Why do some businesses succeed when others fail? While it may seem to be a matter of luck, in reality there are common mistakes that kill many small businesses before they ever get off the ground. Give your startup a fighting chance by avoiding these 10 top startup missteps.
- Growing too fast: While growth is desirable, overexpansion is a serious error. Wanting to be the first to market with a new product, taking on added overhead, or trying to prove to anxious investors that you're growing can all spur you to overextend your business financially. Set realistic goals and expand only as needs dictate.
- Failing to track your finances: Look at businesses that fail and you'll find that many of them took on too much debt. Learn to pay strict attention to your finances, and keep careful records of all money coming in and going out.
- Overspending: Many new entrepreneurs burn through their startup capital before their cash flow is positive. This often happens because of misconceptions about how business operates. If you're just starting out, seek out seasoned veterans you can turn to for advice before making big expenditures.
- Lack of reserve capital: Be prepared for unexpected increases in the costs of things like utilities, materials, and labor. Make sure you keep enough reserve cash to carry you through tough times and seasonal slowdowns.
- Poor choice of location: Don't let a cheap lease tempt you into choosing the wrong location. Consider competition (how many similar businesses are located nearby?) and accessibility (is the area well served by freeways, public transportation, and foot traffic?).
- Poor execution: Poor customer service and overall employee incompetence will quickly sink your business. Make sure your employees place a premium on customer service. Develop systems and processes for how tasks should be accomplished, and create internal controls to monitor them.
- An inadequate business plan: A well thought-out business plan forces you to think about the future and the challenges you'll face. It also forces you to consider your financial needs, your marketing and management plans, your competition, and your overall strategy.
- Failing to change with the times: The ability to recognize opportunities and be flexible enough to adapt is crucial to surviving and thriving. Learn how to wear multiple hats, respond nimbly, and develop new areas of expertise.

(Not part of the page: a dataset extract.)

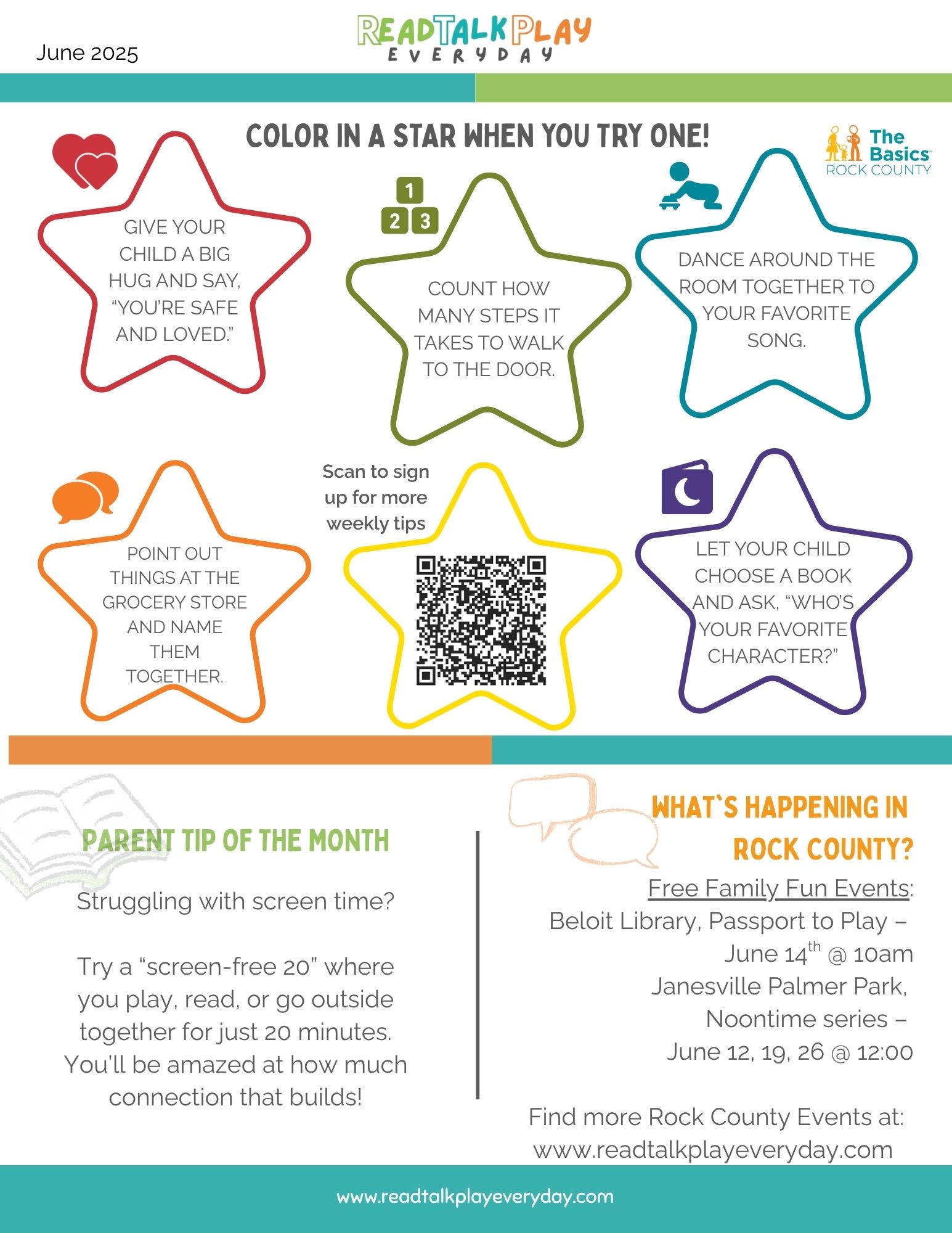 We’re thrilled to launch the very first issue of the Read Talk Play Every Day newsletter, a simple, printable tool created just for families in Rock County with children under the age of 5.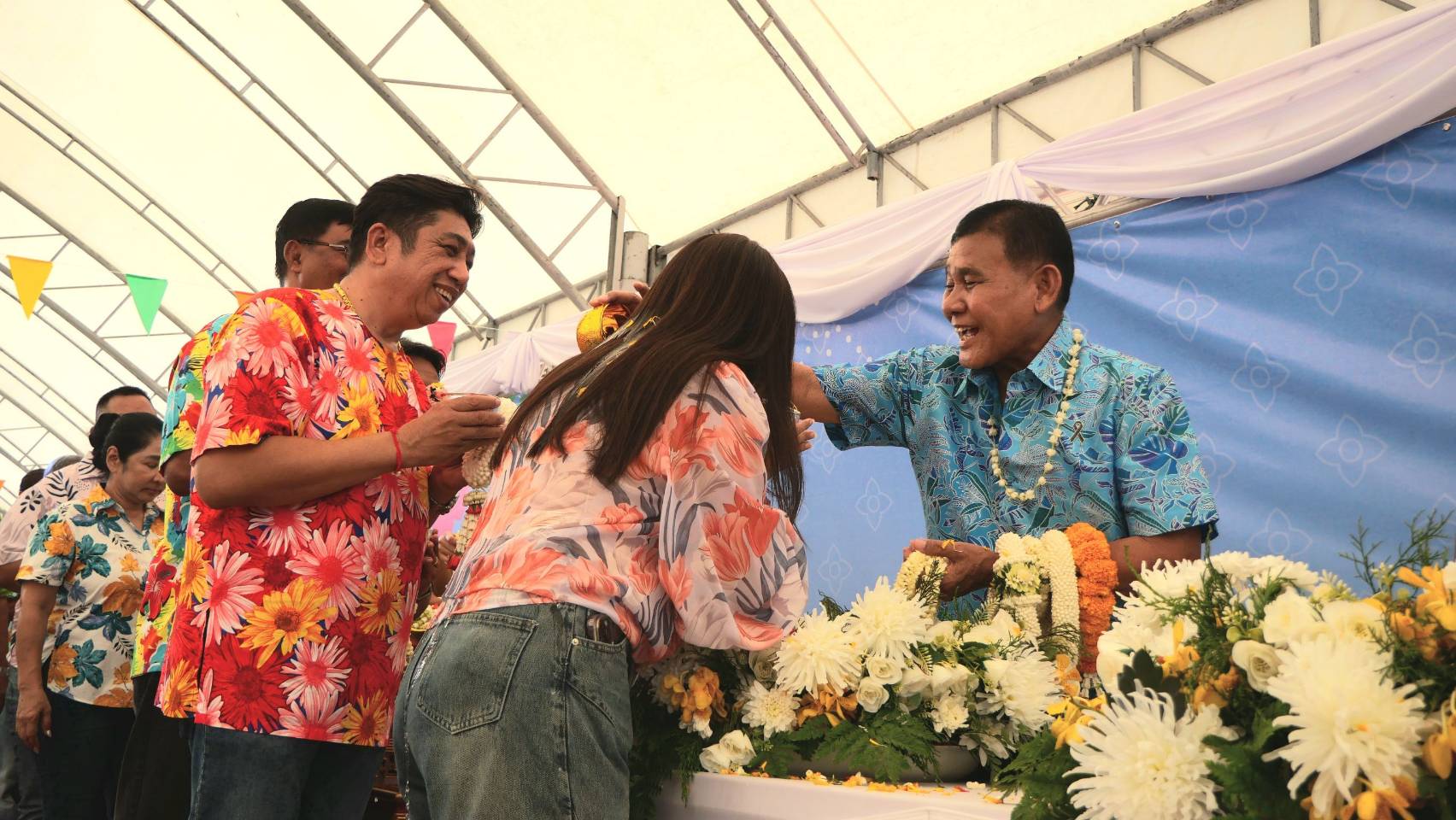 โดยได้รับความเมตตาจาก พระราชสมุทรวัชราจารย์ เจ้าคุณบุญสืบ เจ้าอาวาสวัดกลางวรวิหาร พระอารามหลวงชั้นโท เป็นประธานฝ่ายสงฆ์ นำคณะพระสงฆ์ วัดกลางวรวิหาร เจริญพระพุทธมนต์ ประพรมน้ำพระพุทธมนต์ เพื่อความเป็นสิริมงคล จากนั้น เป็นพิธีรดน้ำดำหัวขอพร จากนายกสุนทร ปานแสงทอง นายกองค์การบริหารส่วนจังหวัดสมุทรปราการ นางจันทร์เพ็ญ ปานแสงทอง ภรรยานายก พล.ต.ต.วิชิต บุญชินวุฒิกุล รอง ผบช.ภ.1. พล.ต.ต.ภูมินทร์ สิงหสุต ผู้บังคับการตำรวจภูธรจังหวัดสมุทรปราการ นายสมควร ชูไสว ประธานสภา อบจ.สมุทรปราการ นางสาวสุกัญญา อัศวเหม ประธานสภาเทศบาลนครสมุทรปราการ เพื่อความเป็นสิริมงคลแก่ตนเองและครอบครัว

- Ineffective marketing: Customers can't do business with you if they don't know you're there. It doesn't cost a lot to advertise and promote your business through online marketing, social media, email, local search, and more.
- Underestimating the competition: Customer loyalty doesn't just happen -- you have to earn it. Watch your competition and stay one step ahead of them. If you don't take care of your customers, your competition will.